Marie Brassard y est magistrale. La tâche colossale que représente la mémorisation d’un texte de cette envergure, livré d’ailleurs en un seul jet, mérite en soi le respect. D’un personnage à l’autre, une brève transition permet à la comédienne de se métamorphoser devant les yeux des spectateurs, ce qu’elle accomplit sans peine, dans la gestuelle, le ton et l’intention. Même si les nuances dans le jeu ont tendance à s’estomper en cours de monologue, et malgré l’évidente nervosité d’un soir de première, il serait vain de pointer ces infimes failles qui n’altèrent en rien la grandeur de l’interprétation de Marie Brassard.

Rodrigue Proteau, qui interprète Josuke à l’arrière-scène, ne dit mot. À la manière du théâtre Nô, il s’anime de gestes stylisés et de pantomimes. En son corps et son expression se matérialise, au ralenti, l’impact qu’ont sur lui les mots de son épouse, de sa maîtresse bien-aimée, et de la fille de celle-ci.
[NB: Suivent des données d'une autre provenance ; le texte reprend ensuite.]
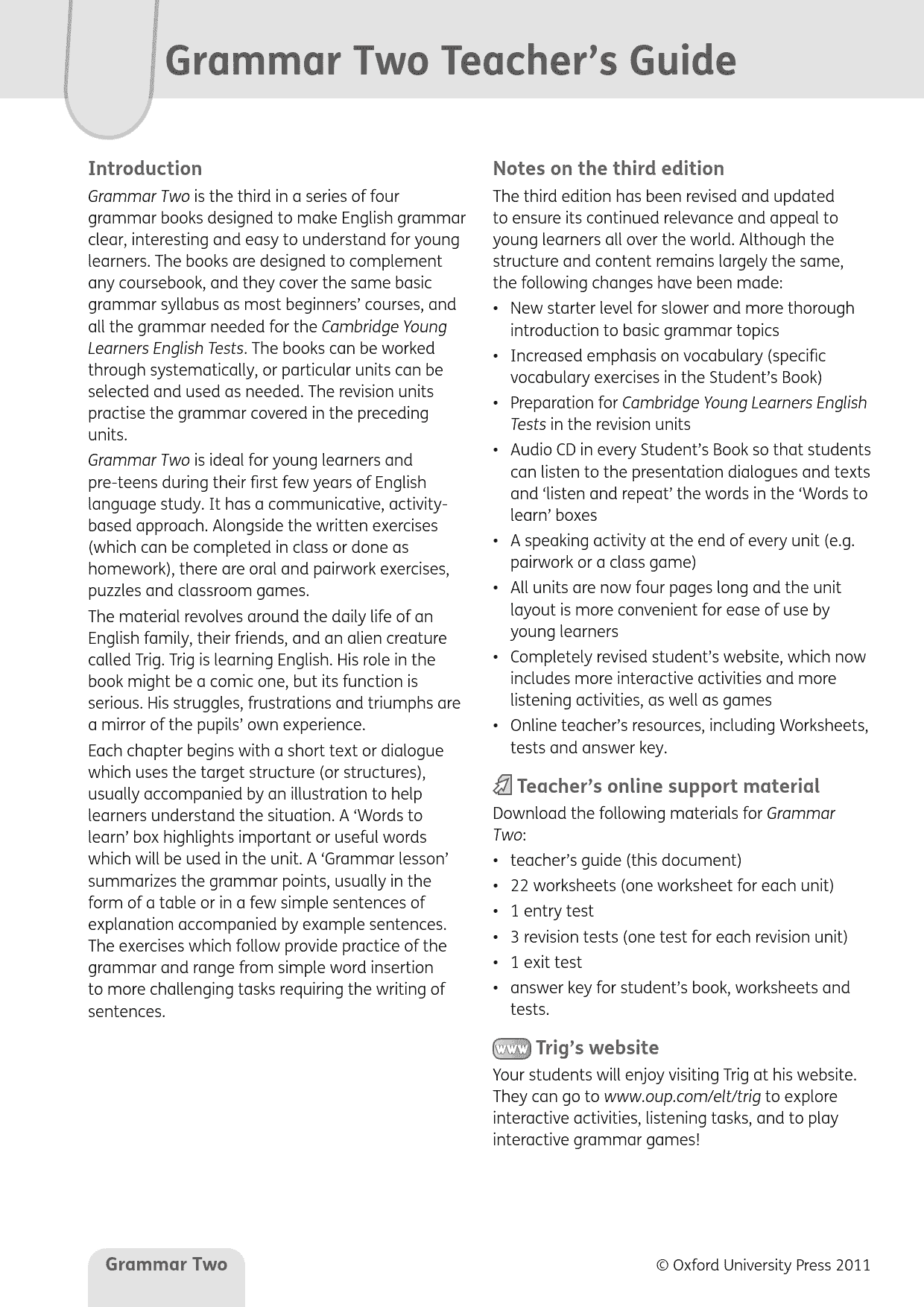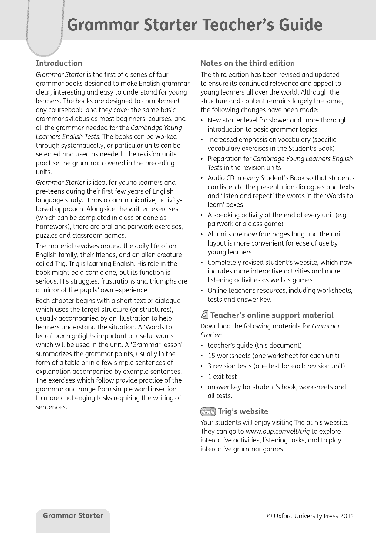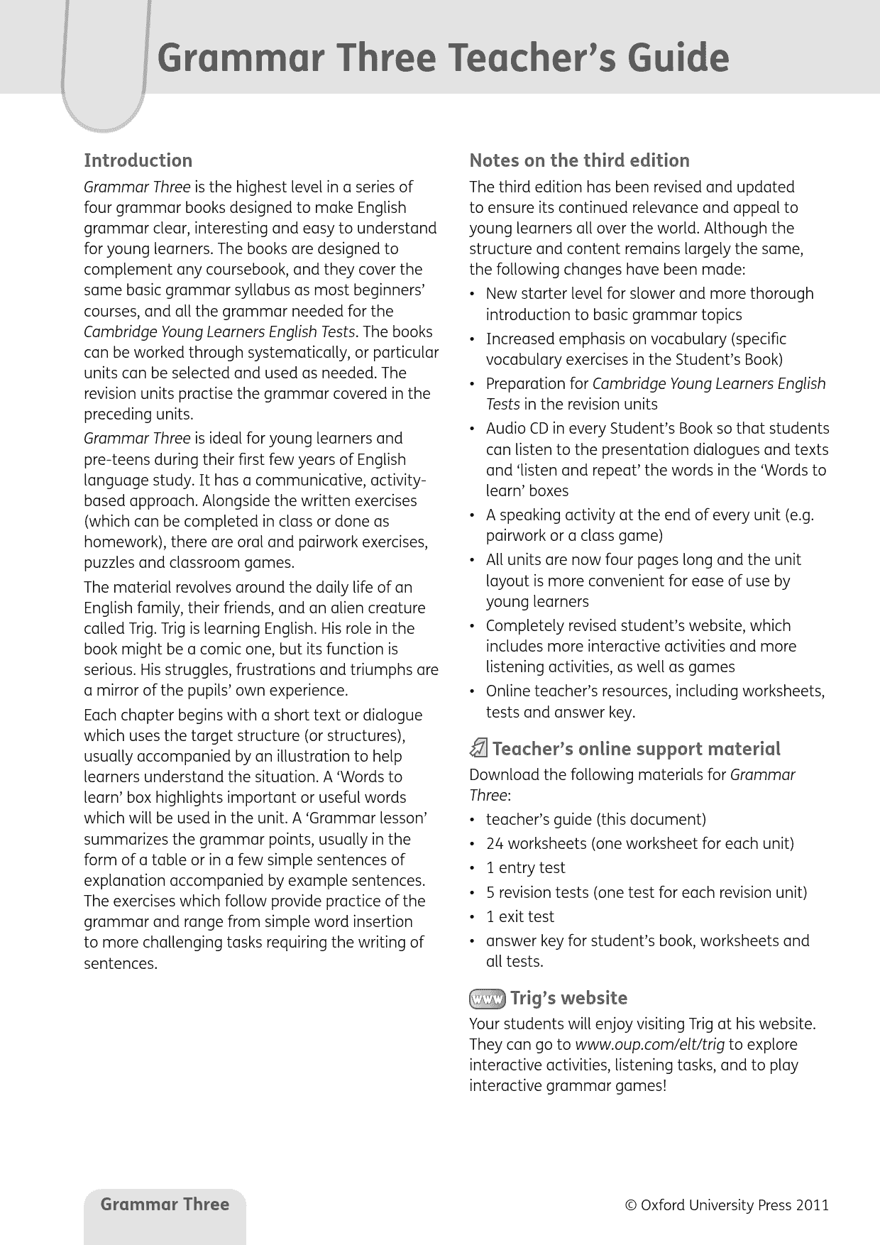 A communicative, activity-based course, Grammar, Third Edition is now richer in resources with a new Starter level, student’s audio CD, and more online support for both teachers and students. Extra vocabulary and exam-based activities help prepare for Cambridge ESOL Young Learners English Tests.

Entre les torrents de mots féminins à l’avant-scène, et la théâtralité muette de l’homme derrière un rideau de calligraphies, le contraste est particulièrement significatif. Les spectateurs assis dans les premières rangées seront toutefois plus à même d’apprécier le jeu physique de Proteau, lequel est malheureusement peu visible du haut des gradins.

Fusil de chasseFusil de chasse
Crédit photo : Yves Renaud

C’est avec un dépouillement remarquable, dans la pureté de la tradition zen, que François Girard orchestre ces trois tableaux. En plus de l’obsédante trame musicale japonisante d’Alexander MacSween, c’est le sol qui détermine l’atmosphère de chacune des scènes: un étang dans la froideur duquel erre Shoko au gré de ses désillusions; un parterre de galets, sur lequel vacillent Midori et sa colère; et un apaisant plancher de bambou, où Saïko, dans toute sa splendeur, revêt son kimono à fleurs de lotus. Ces trois éléments hautement symboliques - l’eau, le roc et le bois - se succèdent ingénieusement, avec une fluidité remarquable. Pour le reste, la mise en scène laisse toute la place au poignant texte de Yasushi Inoué livré par Brassard.

Sans véritable montée dramatique, sans artifice ou extravagance, la pièce se déroule à un rythme doux et loquace, passif et désarmant, malgré la douleur des tromperies et les lacérations du silence. Car en fin de compte, c’est le satisfaisant bonheur de Saïko,  celui «d’avoir aimé et d’avoir été aimée», qui surplombe l’oeuvre et ébranle le spectateur.